Saturday, 26 March 2011

Interstitial landscapes # 1

Stellaria media Kersley Road, London, 7 March 2011

Location east side of Kersley Road (between Dumont and Kynaston)

I have become increasingly interested in what might be termed “interstitial landscapes”. These include an array of “incidental spaces” or “accidental gardens” that are often ignored or overlooked. These spaces exhibit ecological assemblages or natural formations that have developed independently of “design” as conventionally conceived. Examples of “interstitial landscapes” might include empty lots, the sides of railway lines or even micro-niches such as walls or gutters. Since the late 1960s a number of artists have responded to these types of marginal spaces as a way of exploring the meaning of urban space in new ways. Since the 1950s urban ecologists, and especially botanists, have been studying “ruderal” sites characterized by adventitious plants and new landscape typologies. In a European context these sites were originally associated with catastrophic events such as the creation of “bomb sites” through aerial warfare but by the 1970s the effects of de-industrialization and demographic decline were also leaving their mark on urban landscapes.

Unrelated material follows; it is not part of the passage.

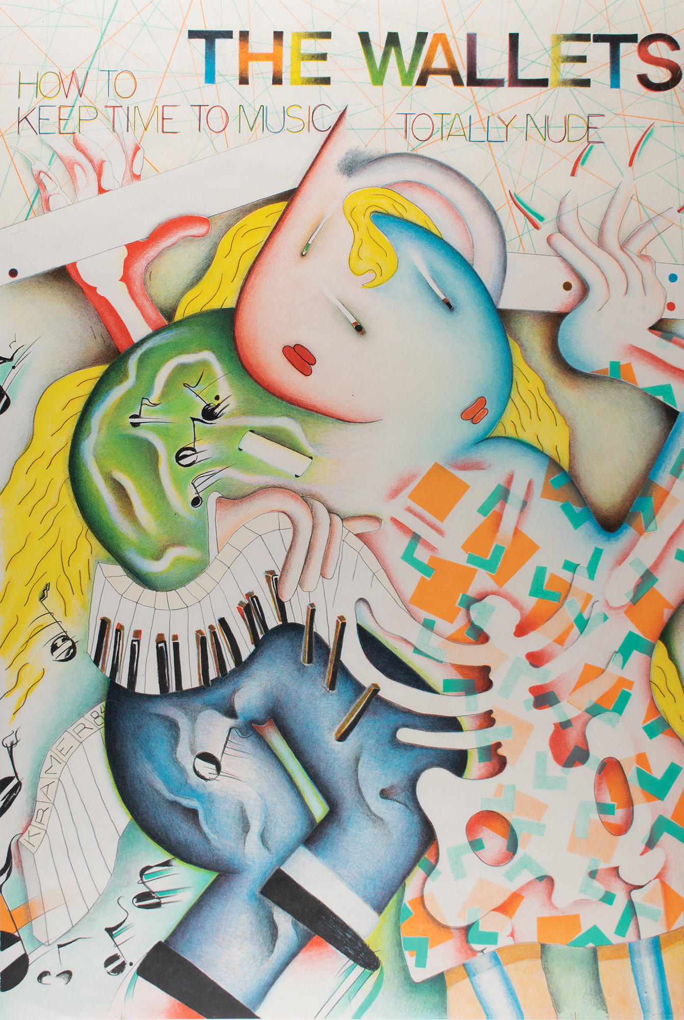 Two color 24.75 x 37 posters for ‘Totally Nude / How To Keep Time To Music,’ the 1986 single by post-punk band The Wallets.

Among the artists who have studied these marginal spaces Gordon Matta-Clark is especially interesting. In the early 1970s Matta-Clark became intrigued by New York City’s periodic auctions of so-called “gutterspace” comprising seemingly unusable fragments of land. He acquired 15 small sites as the basis for a project entitled “Fake estates” which involved taking photographs, along with the acquisition of deeds, surveys and other documentation to produce a detailed visual and cartographic compendium of marginality. Though never shown during his lifetime these photographs have occasionally been on public display such as the Queens Museum, New York, in 2005 and more recently as part of an excellent show at London’s Barbican (which also features two other pivotal figures from the 1970s New York cultural scene, Laurie Anderson and Trisha Brown).

Feeling inspired by seeing Matta-Clark’s works at the Barbican I wandered around my own neighbourhood in north London and took some photographs of anomalous spaces or “weeds” that had colonized the streets. I became conscious of the precarious balance between a certain kind of order reflected in maps, title deeds and other records of spatial structure and ownership, and a kind of largely unnoticed and ubiquitous disorder reflected in specks of rust, litter, plants, crumbling walls, peeling paint, broken tiles and other elements of everyday space. In particular I observed a precarious space that extends beyond clearly demarcated lines such as homes or shop fronts where the jumbled and increasingly vague responsibilities of municipal authorities, utility companies and others combine to produce a neglected zone. What does it mean to say that a space is unimportant? Or that a plant growing by the roadside is just a “weed” with no aesthetic or cultural value?